Three guides show the beauty of the Missouri River on a canoe trip from Rocheport to Huntsdale

Brett Dufur, top, helps high school students from St. Louis pile into their canoes in Rocheport on Wednesday. Dufur leads trips along the Missouri River; this group trekked from Rocheport to Huntsdale.

For most of these students, this is their first time paddling a canoe. Dufur says looking out for 26 teenagers is manageable, but as he loads the third pair of students onto their canoe, another pair already paddling tips over. Sev Behrer then jumps into the creek to retrieve the wet students.

“No one has ever tipped over two minutes into the trip,” Dufur says. “I’ll have to keep an extra eye on them.”

After that, no one falls into the Big Muddy. Along their route from Rocheport to Huntsdale, the city kids look with awe as they float underneath the Interstate 70 Missouri River Bridge. The caravan stops three times, twice for fierce water fights and once to see the Torbett Spring and waterfall, which comes out of the Lewis and Clark Cave.

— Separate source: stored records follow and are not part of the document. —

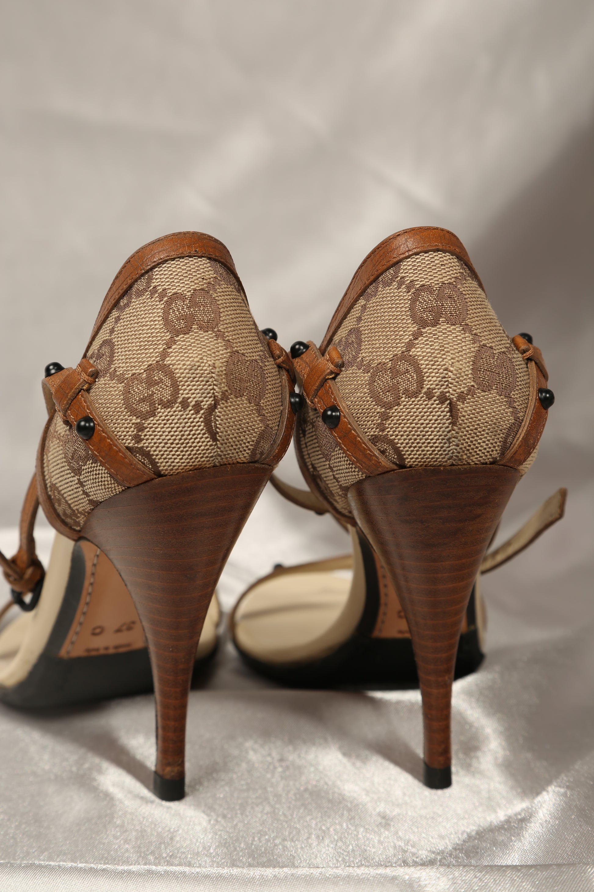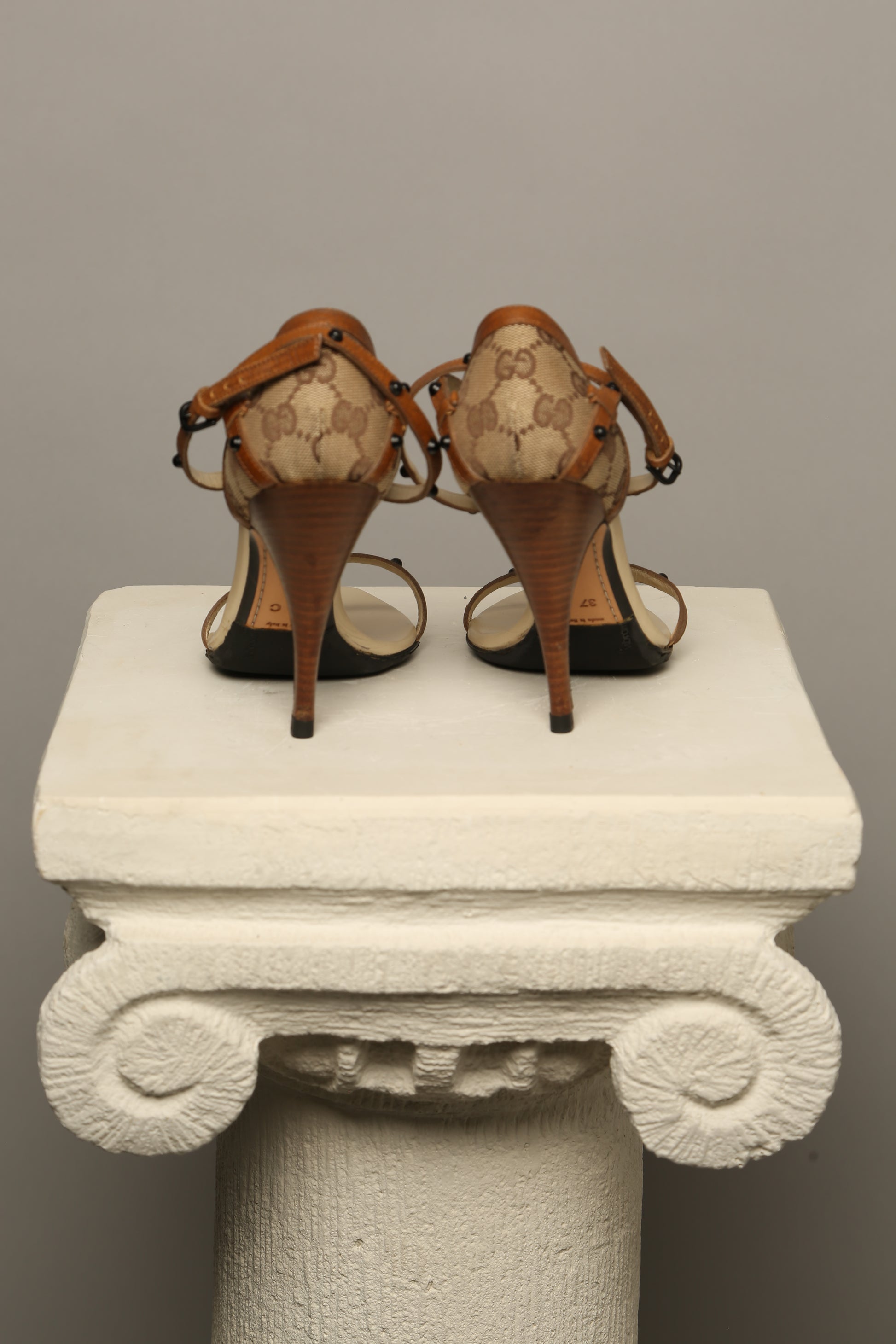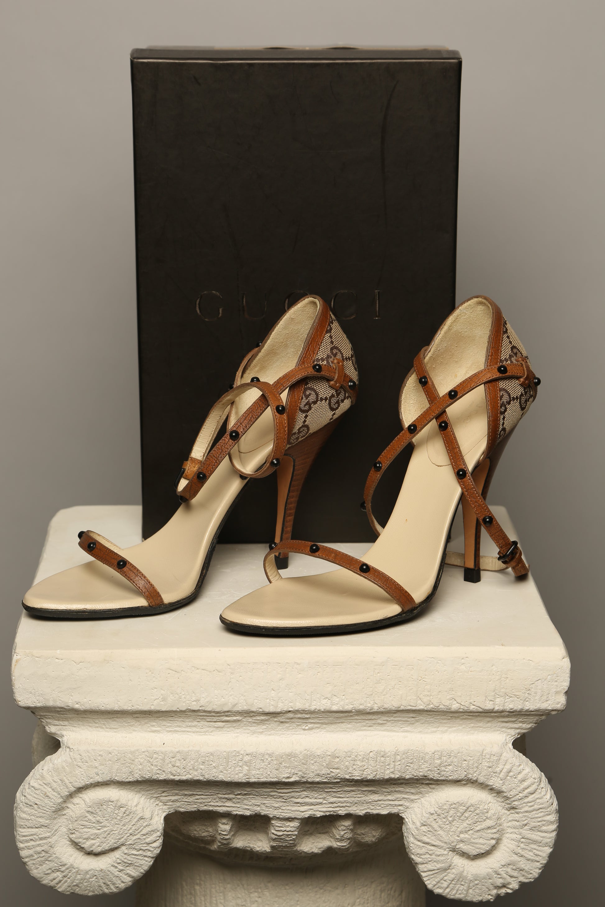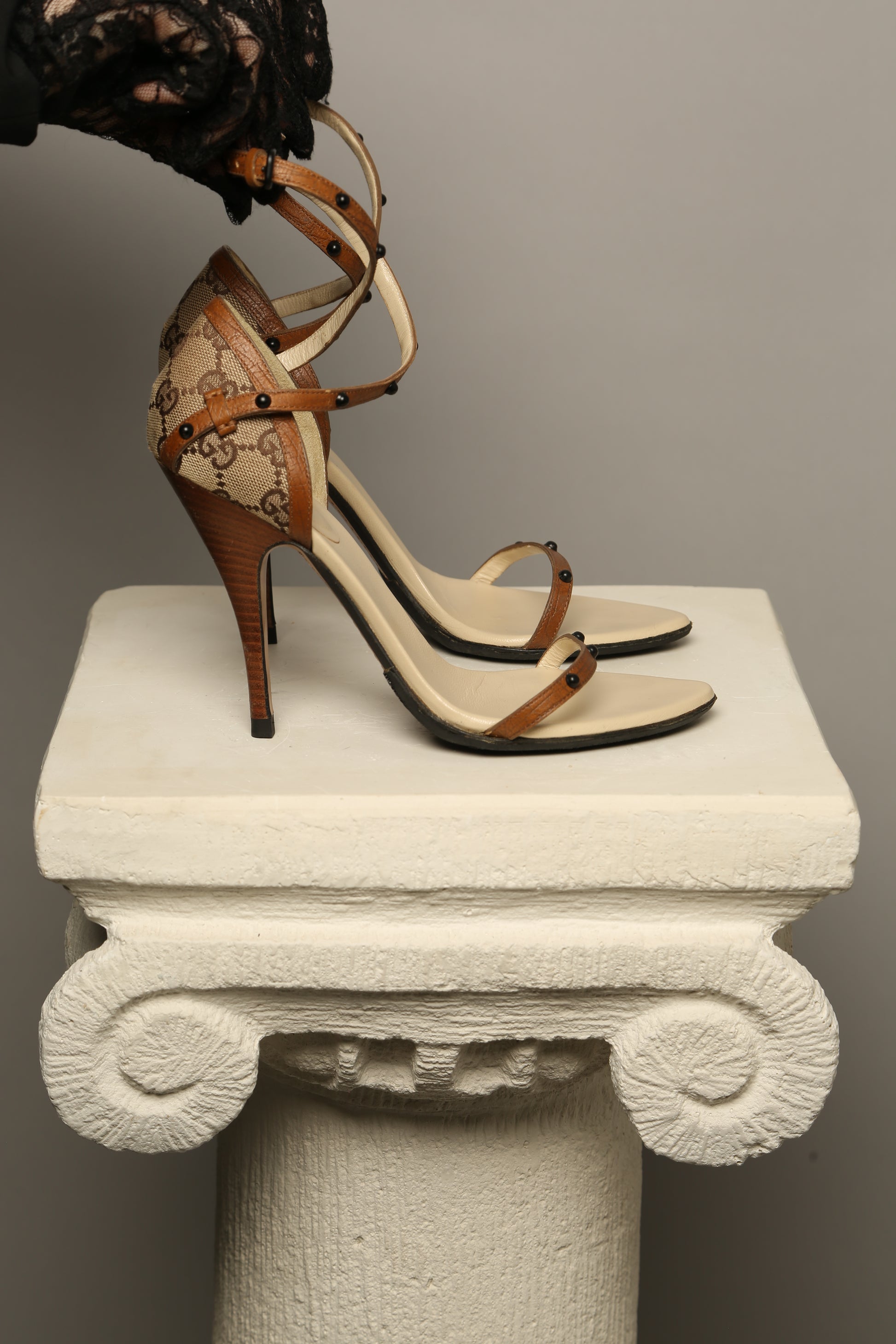 GG Canvas Studded Sandals, a rare and distinctive find crafted with the iconic brown GG canvas and complemented by rich brown leather. These sandals stand out for their unique edgy, accentuated by intricate studded details that add a touch of boldness to the design. The insole, crafted with beige leather, offers comfort and sophistication with each step. Featuring a leather strap that elegantly encircles the ankle.
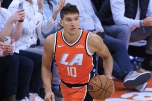 快船球員博格達(dá)諾維奇本場比賽替補(bǔ)出場在進(jìn)攻端效率非常不錯(cuò),外線三分很準(zhǔn),防守端也很積極多次搶斷。
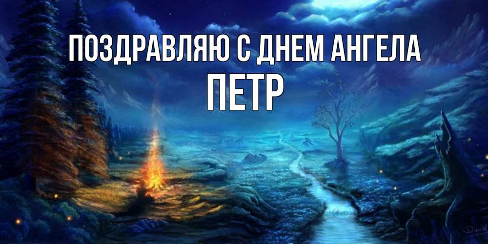 Открытка Поздравляю с днем Ангела Петр. ночной пейзаж. спокойной ночи красивая картинка с подписью

There is also a fourth stop, three-quarters of the way into the trip. Dufur, feeling confident in and proud of the students’ paddling skills, calls everyone together in the middle of the river. The students, holding onto each other’s canoes, listen to the sounds of the river as Dufur explains how Lewis and Clark and other explorers used the same waterway for their expeditions ages ago.

“In general, everyone seems to have a negative perception of the Missouri River,” Dufur says. “Maybe it’s because of the 1993 floods they saw on TV. I’m here to show them the river’s beauty.”